I was interested in the phrase, “people with a “little bit of grit under their fingernails” appearing in the New Yorker magazine’s (March 14) article titled, “American Ads, American Values.” It reads;
“In an interview with Michael McCarthy, of Ad Age, Cadillac’s
advertising director, Craig Bierley, said that “Poolside” was pitched
at consumers who earn around two hundred thousand dollars a year,
people with a “little bit of grit under their fingernails” who “pop in and out of luxury.” He also said, “These are people who
haven’t been given anything. Every part of success they’ve achieved
has been earned through hard work and hustle.”

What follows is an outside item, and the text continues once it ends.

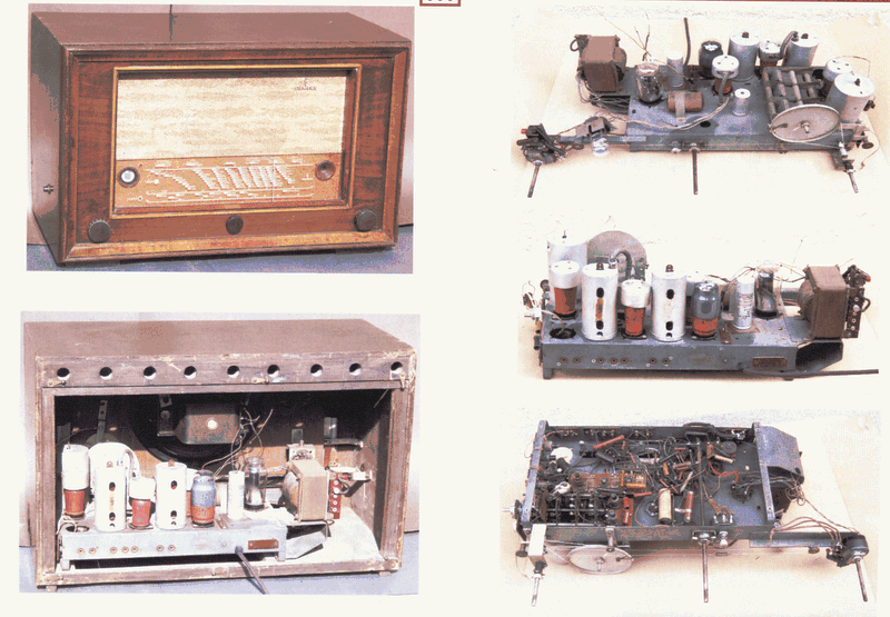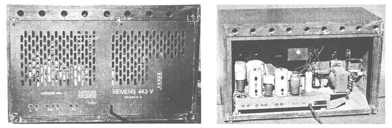 Ez már majdnem luxusszuper. Tartalmaz néhány kényelmi kiegészítést, mint pl. a hangszínszabályzóval együttmozgó mechanikus sávszélesség szabályzást, hangolásjelzőt, fiziológiai hangerőszabályzást és a hullámváltóval egyszerűen kapcsolható helyi adó választás lehetőségét. A 240 mm átmérőjű hangszóró magfelelő mélyhang kisugárzást tesz lehetővé. Aki sokallja a mélyhangokat, az levághatja a beszéd-zene kapcsolóval. Ugyanezeket mondhatjuk el az egy évvel korábbi 442 V típusról is, ez csak külsőleg tér el lényegtelen mértékben az ismertetett készüléktől. Rövidhullámú sávnyújtás nincs beépítve, ezzel majd az 543 V készüléknél találkozunk. Nagyméretű dobozba helyezték, hosszú, külső (pozitív) állomásnév skálával látták el, amelynek megvilágítása oldalról történik, két, kiemelhető foglalatú, így könnyen cserélhető skálaizzóval. |  |

http://www.newyorker.com/online/blogs/currency/2014/03/american-ads-american-values.html
I surmise ‘have grit” means “have courage / guts.” Though it sounds “catchy “as an ad director’s parlance, I wonder if “have a little bit of grit under one’s fingernails” is common phrase or not.
Is “under one’s fingernails” acknowledged suffix to “a bit of grit,” or just an optional use?
Answer
Grit under the fingernails is a fairly standard American expression. It means that the hands have gotten dirty by performing manual labor.
The notion of the $200K salary mark equating with "a little bit of grit under the fingernails", is a cute one. What he's really implying is that these are upwardly mobile people who have worked their way up from manual laborers to earners. And, that they haven't quite cleaned the grit out of their fingernails, yet. (And, might even still do some manual labor when necessary.) These would be people who are now managers of people who do the type of work they used to do. Say, mid-level managers in an auto-factory.
This nuanced version of the original expression is not a standard expression. It requires the context and exposition around it to make people understand what it means.